Imprese in crisi e leggi italiane ferme al Medioevo
di Alessandro Arrighi
Negli Stati Uniti esiste il chapter 11 per ottenere l’esdebitazione
Il chapter 11, negli Stati Uniti, consente a chi intenda proseguire l’attività di impresa, di ottenere l’esdebitazione, generalmente non superiore a tre mesi. Nel mondo anglosassone, in cui la normativa, anche grazie al sistema del Common Law, si è sviluppata in modo più dinamico, le norme sulla crisi di impresa sono tese al superamento della stessa, nel modo più rapido e meno socialmente impattante: durante il “periodo della ristrutturazione”, l’azienda può continuare la sua attività, con il controllo del giudice. Nel frattempo, l’impresa debitrice deve elaborare un piano per la riduzione dell’indebitamento, con l’ausilio dei vari comitati nominati dal giudice che ne coordina i lavori, finalizzati, prima di tutto, alla salvaguardia della continuità. Il giudice stesso, se ritiene il “piano di ristrutturazione” equo e vantaggioso, potrà farlo eseguire, anche se questo fosse rifiutato dai creditori. Solo nei casi di comprovata frode, disonestà o grave incompetenza, verrà nominato “un curatore” per gestire la società durante l’intera procedura ed eventualmente, nei casi più gravi, non sarà autorizzata la prosecuzione dell’attività.
L’Italia
È proprio dalle norme delle corporative medioevali che nasce la normativa fallimentare, quantomeno dei paesi di diritto di derivazione romanistica. Il sistema normativo si diffuse in Europa, grazie al contributo determinante dei mercanti italiani, tanto che, tali norme furono accolte nella Ordonnance de Commerce del 1673, in Francia, poi nel Code Napoléon nel 1804, da cui nella legge francese sui fallimenti del 1838, da cui, in Italia, nel Codice Albertino del 1842 e, di lì, nel nostro codice civile e nella legge fallimentare.

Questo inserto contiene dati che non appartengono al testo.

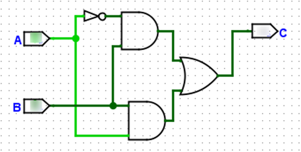 Яке значення отримаємо на виході C схеми, якщо A=1 та B=0 ?

La massima “si fallitus, ergo fraudator” è transitata per ottocento anni nelle coscienze dei legislatori e di chi esercita il potere giudiziario e persino in alcuni torquemada curatori, di talché, ancora oggi, il termine fallimento in Italia tende a vestirsi di una connotazione eticamente negativa e non è raro leggere sentenze in cui il reato sembri il fallimento stesso, come se vivesse una profonda convinzione che chi è fallito, specialmente se le cifre sono rilevanti, necessariamente abbia, nella migliore delle ipotesi, consumato una notevole parte del suo patrimonio in operazioni di pura sorte; come se il rischio di impresa, una volta falliti, sia considerato azzardo e quello sia il punto di partenza per cercare altri reati. E se, poi, alla fine, l’imprenditore sarà assolto, i procedimenti penali, lo avranno comunque costretto a non a fare impresa, quantomeno in Italia, per moltissimi anni. E così, restare fermi al medioevo non consente alla nostra economia di competere con quella degli altri Paesi.